Brooke Nicholls Nelson: Exercise, nutrition as important for pets as owners
Sep 15, 2013 | 4170 views |  0 comments | 36 36 recommendations | email to a friend | print
Labradors Hoover, 11, and Tex, 15, follow 7-year-old Fudge on a run in the woods by their house. Submitted photo
Labradors Hoover, 11, and Tex, 15, follow 7-year-old Fudge on a run in the woods by their house. Submitted photo
The country’s obesity problem is as serious for four-legged animals as it is for two-legged ones. The same medical issues that plague overweight humans — heart problems, diabetes, cancer, joint problems — are prevalent in overweight pets, as well.

So, what’s a pet to do? My veterinarian husband says he has yet to hear of a dog who can open up the fridge and fix his own food. Translation: It’s the owner’s fault when a pet is overweight. You, the owner, have sole control over what goes in your pet’s mouth. Overfeeding pets, or feeding them table scraps and high-calorie treats, is not responsible pet ownership and can lead to serious health issues down the road.

Just like humans, each pet’s metabolism is different. I have two older Labradors, 11-year-old Hoover and 15-year-old Tex, and one younger one, Fudge, who is 7. Tex, the oldest of the bunch, is prone to gaining weight. I can feed all three the exact same amount of the exact same food, but only Tex gains weight. So he is on a lower-calorie diet than the other two.

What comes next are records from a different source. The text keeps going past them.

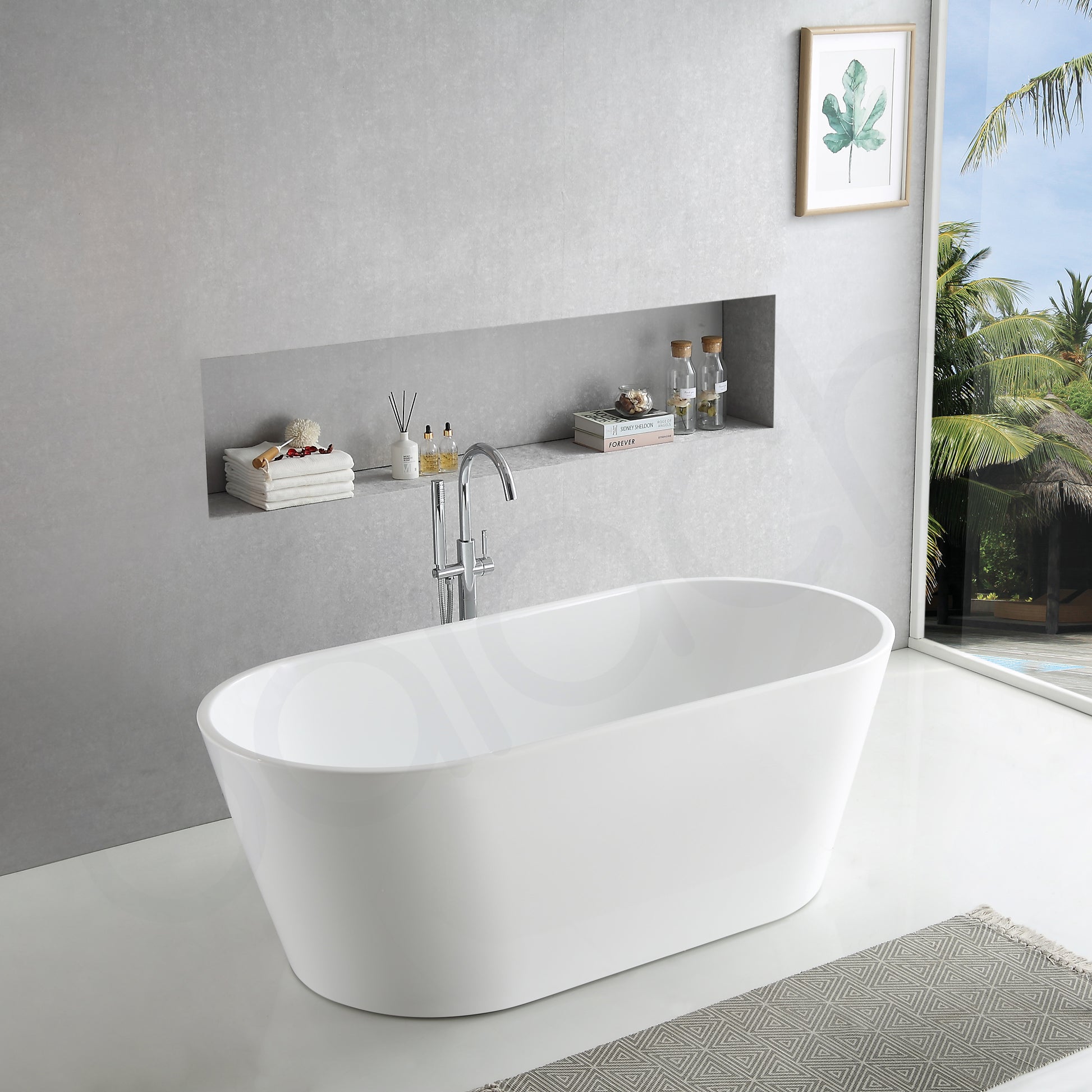 Quality oval freestanding bathtub Made of high-quality sanitary grade acrylic and reinforced fibre glass Features a white high gloss finish for sophistication. Has a thin edge design for a modern appearance? Offers comfortable bathing space. Comes with adjustable feet for stability. Waste Not Included
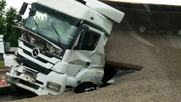 Kazada tır sürücüsü yaralanırken, hafriyat yola saçıldı. Kaza nedeniyle trafiğe kapanan yol yapılan temizlik çalışmalarının ardından tekrar trafiğe açıldı.
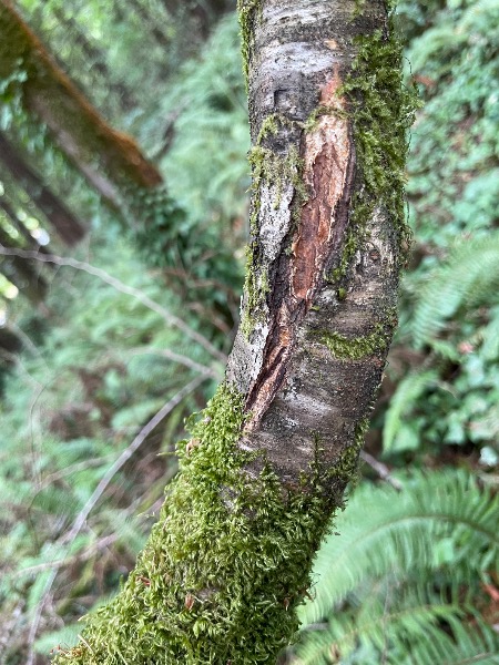 Leaves in upper canopy dry and leaves curling up. Open wound about 5ft up trunk. No D shape holes

As a pet owner, it’s my responsibility to exercise my three dogs and to monitor their nutrition. All three of my dogs love long walks and swimming in the lake by our house. After walking, I often take the younger one on a run. It’s good for them and good for me.

The physical benefits of exercise are extremely important, but the behavioral benefits are just as valuable. I feel so much better after a hard workout, and so do my dogs. Dogs are just naturally active — always running and chasing things, looking for something to get into.

If that need is not fed with positive outlets, dogs will find another way to fill it, and this can spell trouble in the form of digging, chewing, hyperactivity and barking. A set exercise routine can keep bad behaviors from ever starting. It’s important to start pet exercise at an early age so that it becomes a habit, something both you and your pet can look forward to each day.

What type of exercise is advisable? It depends on your pet’s breed, age and current fitness level. Check with your veterinarian to make sure the fitness outlet you choose is appropriate for your pet.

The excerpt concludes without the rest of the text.